С высоты своего роста знаменитость скользнула взглядом по лицу докучного простофили и спросила, прикрыв глаза веками:
- Итак, трое ждут, когда святому будет угодно осчастливить их?
- Прежде всего ключей от ризницы и милостивого благорасположения служки Ладисласа! - возразил шавраншский баловень.
- То есть? - удивился Сен-Марен, словно не замечая Сабиру, порывавшегося что-то сказать.
Однако более проворный Гамбийе опередил его и на свой лад изложил события дня. Сабиру то и дело пытался ревниво вставить словечко, но каждый раз великий писатель легким досадливым движением повергал его в прах. Выслушав рассказ Гамбийе, романист заметил:
- Клянусь, сударь, я не чаял таких приятных неожиданностей в столь неудачно начавшийся день. Удивительно, знаете ли, освежает душу, когда повеет вдруг чудесами и прочей мистикой!
- Чудесами? Мистикой? - недовольно вскричал священник.

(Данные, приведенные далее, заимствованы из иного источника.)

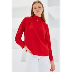 Ζωντανό Κόκκινο Μακρυμάνικο Top με Υψηλή Λαιμόκοψη και Διακριτικό Άνοιγμα | BIG11289

- А что? - вскипел вдруг Сен-Марен, повернувшись всем телом к своему безобидному противнику (сколь бы низко ни пал великий человек, он стыдился откровенной глупости. Но пуще всего он боялся узнать самого себя в чужой глупости или подлости, точно отразившись в страшном зеркале). - А что? повторил он, стиснув длинные зубы и с каким-то шипением выдавливая через них слова. - Все мы, сударь мой, уповаем на чудо! Его жаждет весь наш объятый скорбью мир. Когда-нибудь - сегодня или через тысячу лет - может произойти нечто такое, что нарушит заведенный порядок, освободит нас из плена закономерностей. Но лучше, если это случится завтра, чтобы я мог спокойно уснуть! Кто дал право тупицам, выпестованным политехническими заведениями, вторгаться в мои сонные грезы? Слова "чудо" и "мистика" исполнены смысла, сударь, и всякий порядочный человек произносит их с чувством зависти!..
Господин Сабиру, в чем он сам признался позднее, никогда еще не был столь несправедливо оскорблен.
- Мне показалось, что господин Сен-Марен более поэт, нежели философ, заметил он, обращаясь к Гамбийе, - и может на свой лад толковать чужие слова. Но зачем же сердиться?
Впрочем, сам творец "Пасхальной свечи" вряд ли мог бы удовлетворительно ответить на сей вопрос. Он бессознательно ненавидит все, что походит на него, и никогда не признается в том, что испытывает какое-то мучительное наслаждение, презирая себя в других. Лучше кого бы то ни было он понимает, сколь неуловимо зыбка граница, отделяющая глупца от того, кто сделал острословие своим ремеслом; старый циник ярится, зачуяв в олухе, стоящем, казалось бы, неизмеримо ниже его, ягоду того же поля, хотя и помельче.
- Вы не видели отшельника, - вновь заговорил врач, чтобы нарушить затянувшееся молчание, - но осмотрели отшельничью обитель? Не правда ли, какой необычный дом! Какая уединенность!
- Я испытал его чары, - ответствовал писатель. - В жизни ценимы лишь редкие, необычные явления, миг ожидания и предчувствия. Я познал его здесь.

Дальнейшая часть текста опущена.